* [DATASET RECORDS]:
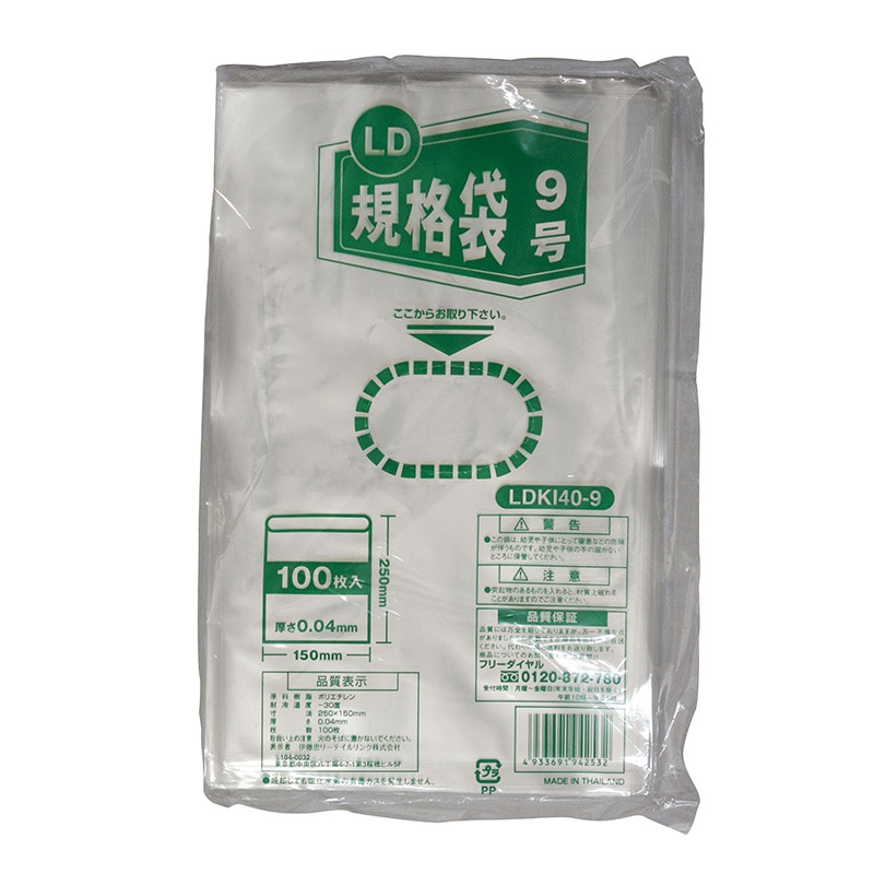 伊藤忠リーテイルリンク ポリ袋 LD規格袋 9号 0.04mm 100枚入 LDKI40-9 1パック(ご注文単位50パック)【直送品】
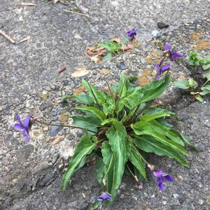 朝活🚶♀️散歩道にて… 健気な野良スミレ😲 今迄…気にしてなくて初めまして 雨☔上がりでこんな感じ⤵️
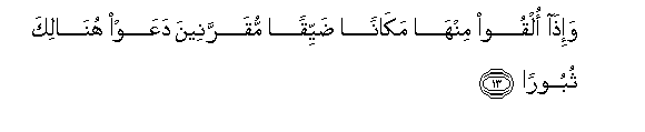 13. Wa-itha olqoo minha makanan dayyiqan muqarraneena daAAaw hunalika thubooran
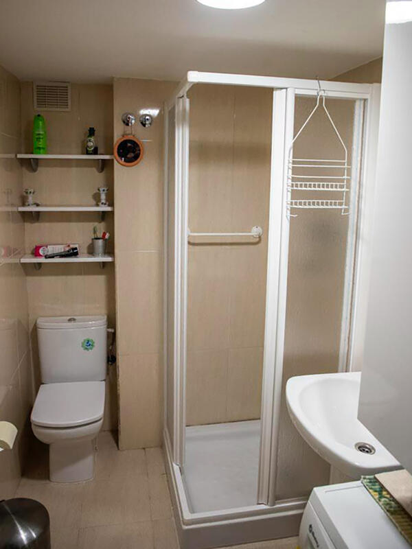 Den nedre våningen nås genom att gå tillbaka in i entrélobbyn och ner för trappan. Denna våning har ett andra duschrum och ett stort öppet rum som kan vara ett tredje sovrum med ett eget duschrum. Samhällsavgifterna för denna lägenhet är 120 € i månaden. Det finns bara sex lägenheter i kvarteret och det är väldigt tyst.
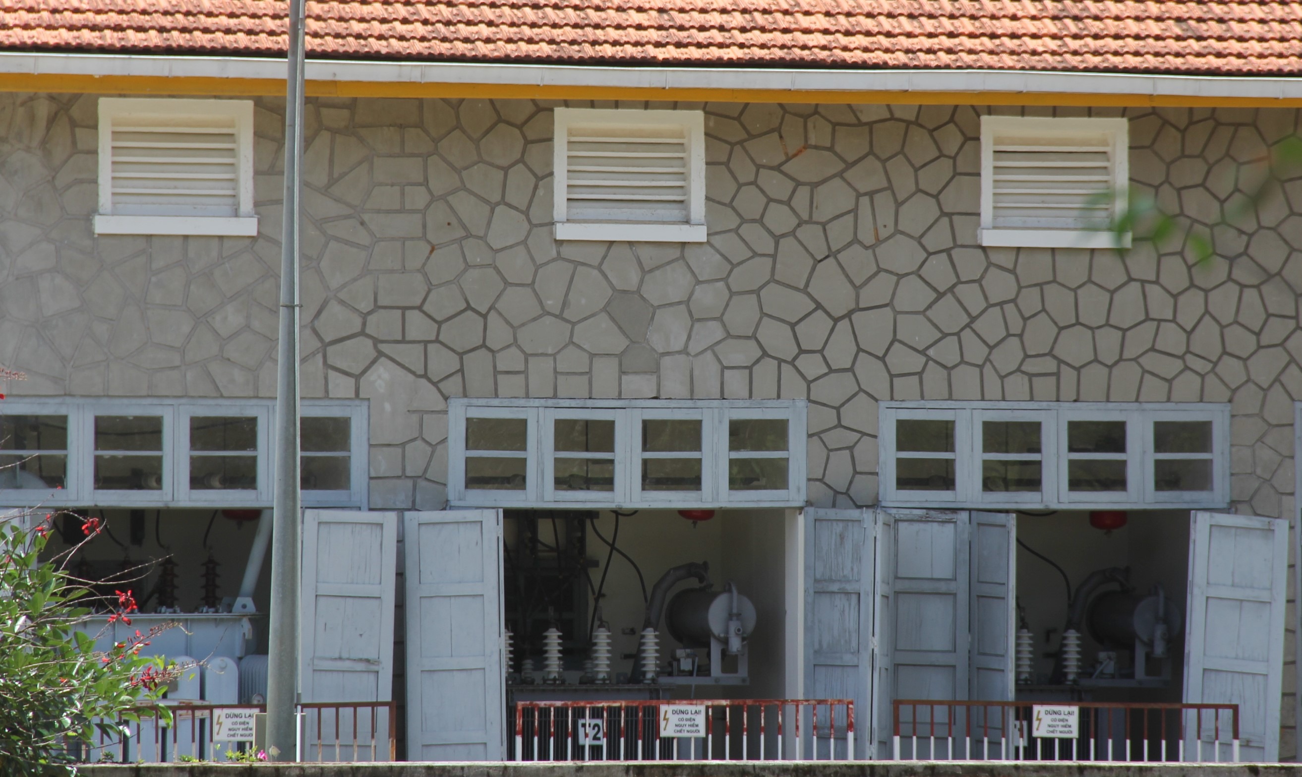 Để có thể vào bên trong nhà máy bắt buộc phải đi qua một cây cầu nhỏ bắc qua dòng nước xả để vận hành nhà máy. Công trình được thiết kế với những vật liệu quen thuộc thường thấy ở các biệt thự cổ, mái ngói đỏ có độ dốc lớn mang dáng dấp kiến trúc nhà rông Tây Nguyên.

* [WORK REQUEST]:
Output the line that contains "朝活🚶♀️散歩道にて… 健気な野良スミレ😲 今迄…気にしてなくて初めまして" and every line after it to the end of the records, word for word, leaving out the pictures.

* [COMPLETED EXERCISE]:
 朝活🚶♀️散歩道にて… 健気な野良スミレ😲 今迄…気にしてなくて初めまして 雨☔上がりでこんな感じ⤵️
 13. Wa-itha olqoo minha makanan dayyiqan muqarraneena daAAaw hunalika thubooran
 Den nedre våningen nås genom att gå tillbaka in i entrélobbyn och ner för trappan. Denna våning har ett andra duschrum och ett stort öppet rum som kan vara ett tredje sovrum med ett eget duschrum. Samhällsavgifterna för denna lägenhet är 120 € i månaden. Det finns bara sex lägenheter i kvarteret och det är väldigt tyst.
 Để có thể vào bên trong nhà máy bắt buộc phải đi qua một cây cầu nhỏ bắc qua dòng nước xả để vận hành nhà máy. Công trình được thiết kế với những vật liệu quen thuộc thường thấy ở các biệt thự cổ, mái ngói đỏ có độ dốc lớn mang dáng dấp kiến trúc nhà rông Tây Nguyên.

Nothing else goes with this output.